Punir les désobéisseurs ? Au moins leurs classes sont vivantes, intelligentes, actives... Si vous saviez comme celles des obéisseurs sont ennuyeuses ! Comme même les enseignants y sont malheureux et d'humeur sombre, comme ils semblent s'y ennuyer...
Les activités — non, les exercices — qu'on y mène sont tristes, sans intérêt aucun ! A aucun moment, les enfants n'ont autre chose à faire que d'écouter et d'écrire des choses qui ne servent à personne, et ne seront lues que pour être notées.
Moralité : les enfants y sont durs, insupportables, violents en récréation... On le serait autant à leur place ! Et, pour les collègues désemparés, il n'y a pas d'autres moyens d'exister que d'affirmer, par des cris, des invectives, des menaces et des punitions, une autorité mise à mal, qui est tout sauf de l'autorité.

Il y a peu Pierre Frakowiak, publiait sur son blog "Educavox", un billet intitulé : "Porter des banderoles pour les programmes"

http://www.educavox.fr/Porter-des-banderoles-pour-les

Il faut relire et diffuser un tel billet : les programmes, tout le monde s'en fiche et réclamer des postes ou des moyens financiers est beaucoup plus porteur.
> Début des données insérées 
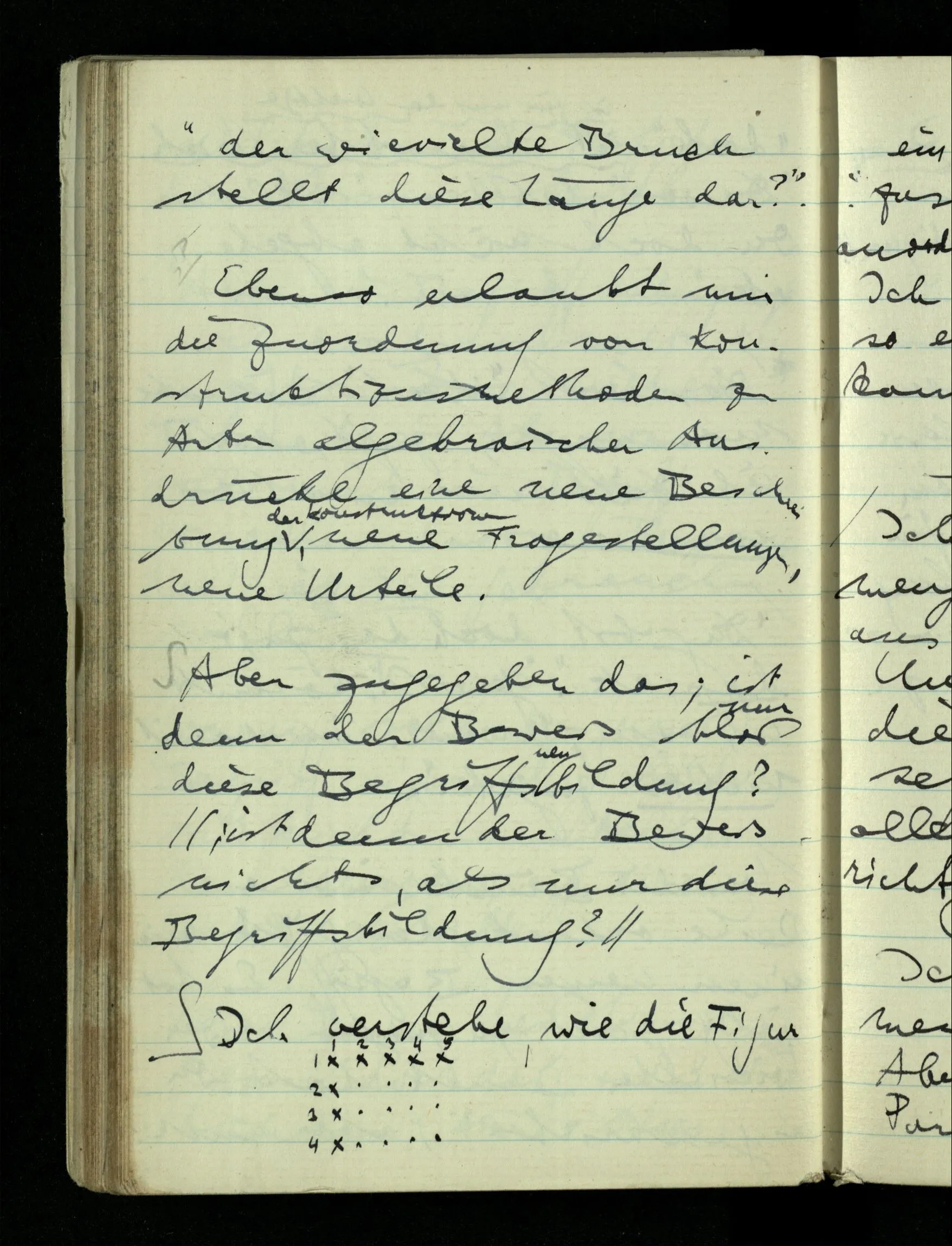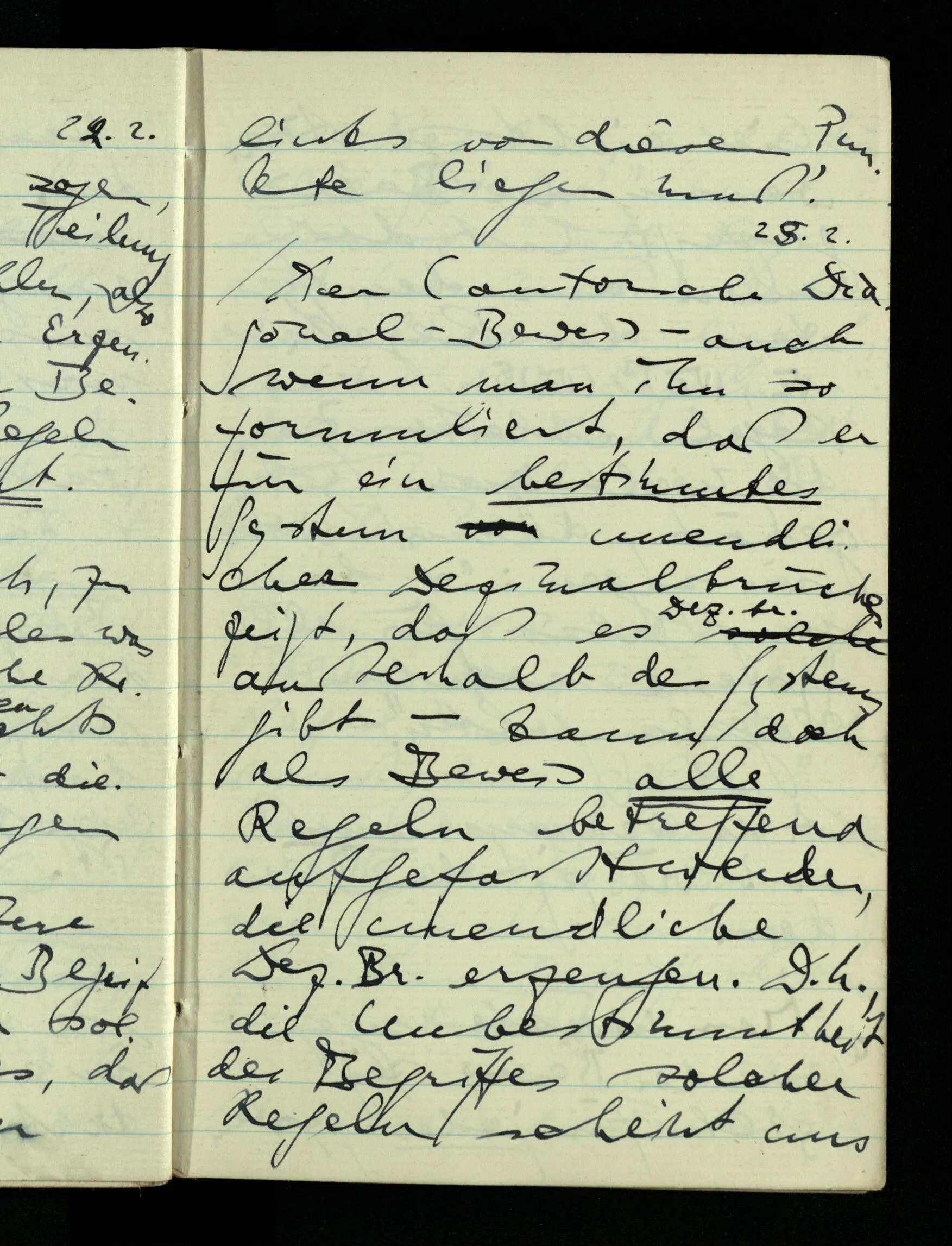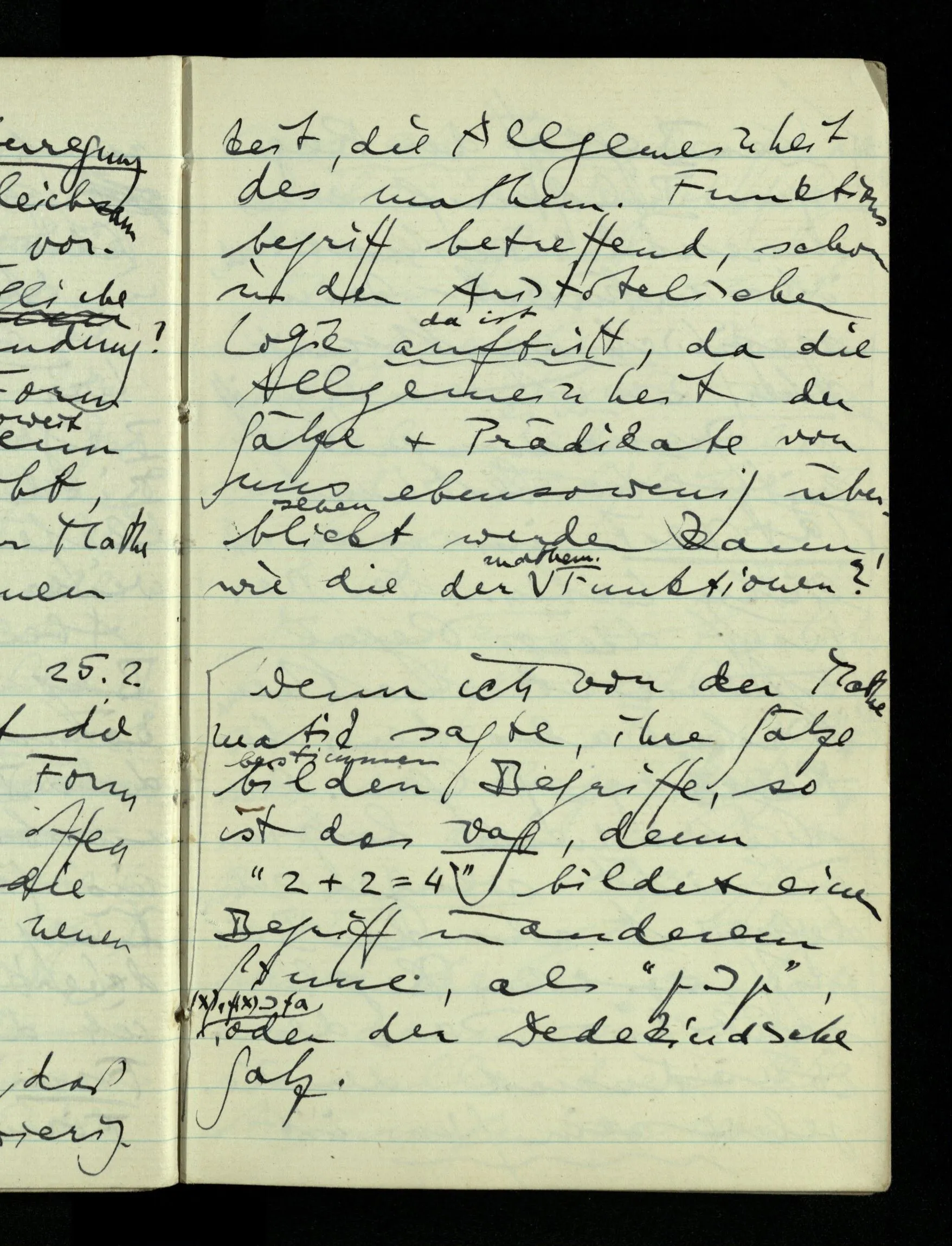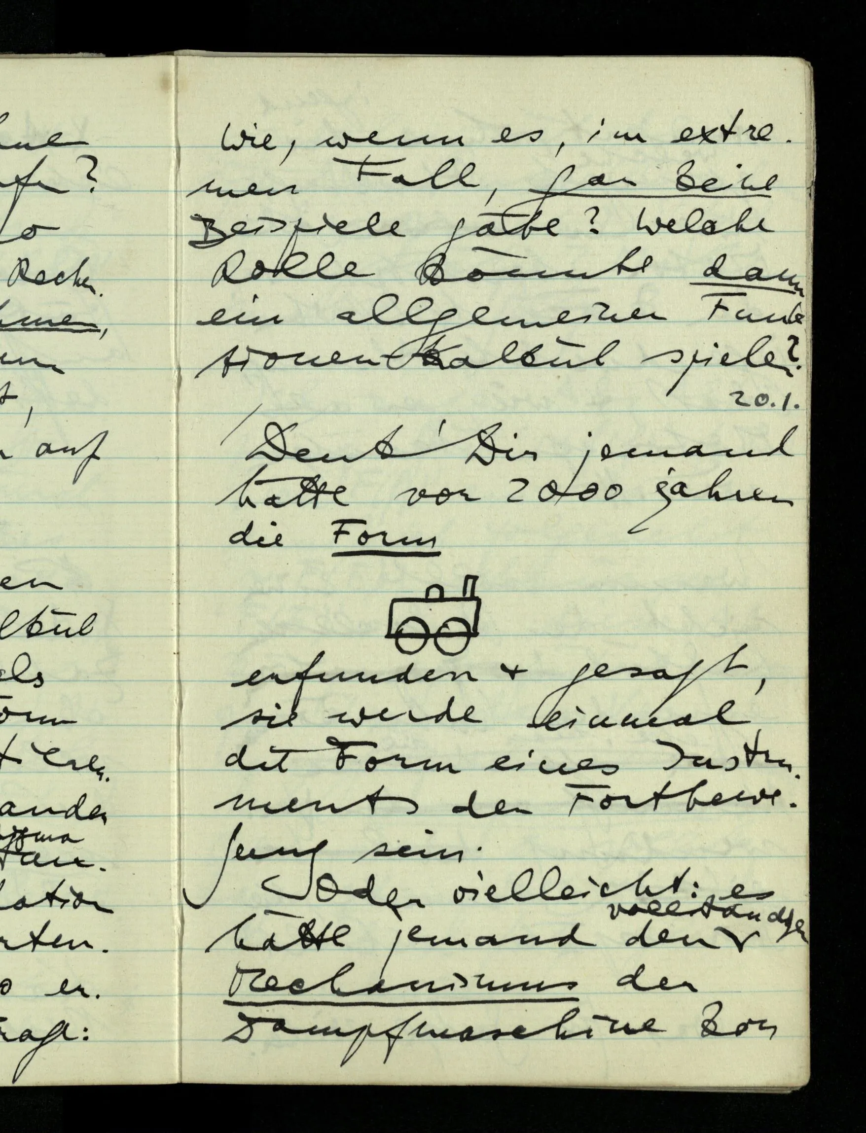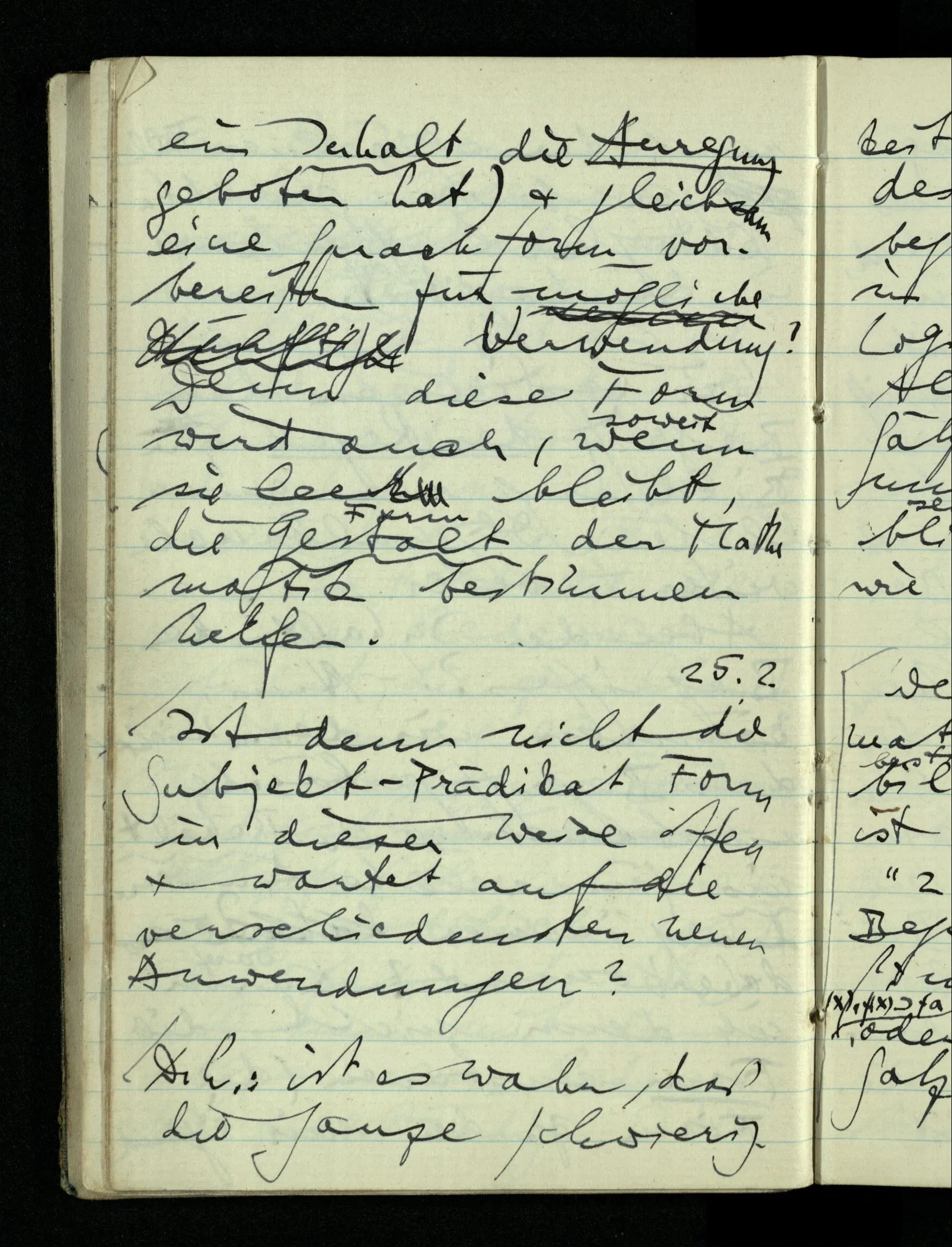 08.01.1943 Die extensionalen Erklärungen der Funktionen, der reellen Zahlen, etc. übergehen alles Intensionale – obwohl sie es voraussetzen – & beziehen sich auf die immer wiederkehrende äußere Form.

Sans minimiser l'importance de ces revendications — elles sont plus que légitimes — on aimerait bien qu'on jette un œil plus souvent sur les contenus d'enseignement prônés par le Ministère : avec de telles instructions, tous les postes et toutes les rallonges financières ne serviront à rien. Ce sont les programmes qui portent en réalité et en profondeur la catastrophe annoncée
Si j'enseigne des erreurs, j'empêche mes élèves d'acquérir le pouvoir que donne le savoir.
Volontaire ou pas, consciente ou non, c'est une intox intolérable.
On comprend du reste pourquoi la formation des enseignants est réduite à néant : aucun formateur digne de ce nom, c'est-à-dire nourri des nombreux travaux qui ont éclairé notre métier depuis quarante ans, ne pourrait accepter d'enseigner à de futurs enseignants comment appliquer les programmes 2008, qui semblent avoir été écrits au Moyen Âge.
Autant enseigner que la terre est plate et que le soleil tourne autour .

Cher Stéphane Hessel, vous qui nous invitez si joliment à nous indigner, vous avez écrit un livre qui a été abondamment acheté et complimenté. Mais l'on a l'impression que vos lecteurs n'ont pas vraiment compris le message... Auraient-ils du mal à comprendre ce qu'ils lisent ?
C'est vrai... Ils ont appris à lire avec une méthode syllabique... Tout s'explique.